# Wife School



## DeLamar.J (Sep 24, 2004)

I know Im gonna get a ear full from some women around here but hey, its all in good fun.

http://www.kontraband.com/show/show...&DISPLAYORDER=20040816095444&CAT=movies&NSFW=


----------



## DeLamar.J (Sep 24, 2004)

And here is one for the ladies!!

http://www.kontraband.com/show/show...SPLAYORDER=20030605000026&CAT=movies&NSFW=yes

 :xtrmshock  :waah:


----------



## KenpoTex (Sep 25, 2004)

#1...Sounds good to me  :ultracool  (*crawls under desk to hide*)

#2...OUCH!!!


----------



## AaronLucia (Sep 25, 2004)

The second film's girl must have not gone to wife school!


----------



## mj-hi-yah (Sep 25, 2004)

DeLamar.J said:
			
		

> And here is one for the ladies!!


Yeah ok I'll polish your bowling balls alright!   I'm afraid I study Kenpo....one groin strike just won't cut it here! :boxing: :btg: :btg: :btg: :btg: :btg: :btg: :btg: :btg: There, that's _much better_ LOL now be on your way!


----------



## Feisty Mouse (Sep 25, 2004)

"Polish your pepperoni"?!?!?

:erg: :lol: 

The clip proving again that some men cannot distinguish between their wives and their mothers.

And in the second one - he was so clearly wearing a cup.  Pshaw.


----------



## shesulsa (Sep 25, 2004)

Well, I don't know if I'd mind not getting my period anymore, but I'd probaby cut the other classes.

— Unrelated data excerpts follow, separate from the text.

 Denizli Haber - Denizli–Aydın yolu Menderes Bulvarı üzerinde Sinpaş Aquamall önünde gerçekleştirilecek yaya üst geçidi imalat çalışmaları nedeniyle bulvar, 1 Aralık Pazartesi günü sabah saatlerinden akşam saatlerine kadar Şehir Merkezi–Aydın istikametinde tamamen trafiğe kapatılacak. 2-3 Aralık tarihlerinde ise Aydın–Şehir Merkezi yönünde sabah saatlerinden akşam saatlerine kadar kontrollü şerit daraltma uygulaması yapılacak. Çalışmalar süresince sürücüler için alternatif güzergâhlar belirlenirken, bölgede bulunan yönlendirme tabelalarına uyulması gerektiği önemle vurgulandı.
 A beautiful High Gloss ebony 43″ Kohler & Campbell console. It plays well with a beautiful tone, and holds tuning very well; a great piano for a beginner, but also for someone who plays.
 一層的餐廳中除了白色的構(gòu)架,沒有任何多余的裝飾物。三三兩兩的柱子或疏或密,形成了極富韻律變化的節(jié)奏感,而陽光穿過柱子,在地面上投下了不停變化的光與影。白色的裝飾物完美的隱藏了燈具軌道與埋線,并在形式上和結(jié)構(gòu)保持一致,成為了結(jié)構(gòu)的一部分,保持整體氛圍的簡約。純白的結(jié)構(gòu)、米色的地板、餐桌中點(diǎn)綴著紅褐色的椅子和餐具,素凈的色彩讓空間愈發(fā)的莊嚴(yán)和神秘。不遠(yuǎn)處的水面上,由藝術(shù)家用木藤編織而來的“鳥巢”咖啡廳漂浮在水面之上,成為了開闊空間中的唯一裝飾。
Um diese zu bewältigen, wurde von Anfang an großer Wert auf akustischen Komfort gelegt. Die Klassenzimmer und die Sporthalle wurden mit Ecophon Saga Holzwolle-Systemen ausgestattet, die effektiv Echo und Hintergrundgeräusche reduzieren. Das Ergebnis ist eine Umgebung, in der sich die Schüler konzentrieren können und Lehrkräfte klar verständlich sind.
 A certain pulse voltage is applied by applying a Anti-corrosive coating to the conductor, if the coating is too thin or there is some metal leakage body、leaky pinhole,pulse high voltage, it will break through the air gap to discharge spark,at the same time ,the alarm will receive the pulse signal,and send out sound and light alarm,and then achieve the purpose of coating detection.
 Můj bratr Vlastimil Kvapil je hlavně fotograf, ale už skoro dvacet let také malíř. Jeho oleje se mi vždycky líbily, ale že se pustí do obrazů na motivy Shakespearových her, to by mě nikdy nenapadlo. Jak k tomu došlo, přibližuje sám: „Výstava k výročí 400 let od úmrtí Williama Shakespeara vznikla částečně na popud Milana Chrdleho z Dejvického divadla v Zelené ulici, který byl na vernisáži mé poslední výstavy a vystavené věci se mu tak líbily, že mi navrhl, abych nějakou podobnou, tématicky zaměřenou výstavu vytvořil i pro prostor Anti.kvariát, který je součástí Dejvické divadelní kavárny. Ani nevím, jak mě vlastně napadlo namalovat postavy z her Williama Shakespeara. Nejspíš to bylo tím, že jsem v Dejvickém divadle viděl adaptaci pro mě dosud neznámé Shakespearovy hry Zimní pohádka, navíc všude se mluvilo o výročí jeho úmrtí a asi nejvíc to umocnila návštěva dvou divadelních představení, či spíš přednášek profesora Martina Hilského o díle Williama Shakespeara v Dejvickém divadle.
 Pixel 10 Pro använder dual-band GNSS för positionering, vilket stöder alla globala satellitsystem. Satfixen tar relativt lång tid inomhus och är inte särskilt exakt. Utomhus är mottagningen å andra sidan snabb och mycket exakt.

 As for the BTG - NOT HARD ENOUGH! - HE'S STILL BREATHING!!!


----------



## MA-Caver (Sep 25, 2004)

I dunno if I'd stand there with my hands behind my back and just LET the gal kick me... my training wouldn't allow it... HELL, my sense of self-preservation wouldn't allow it!


----------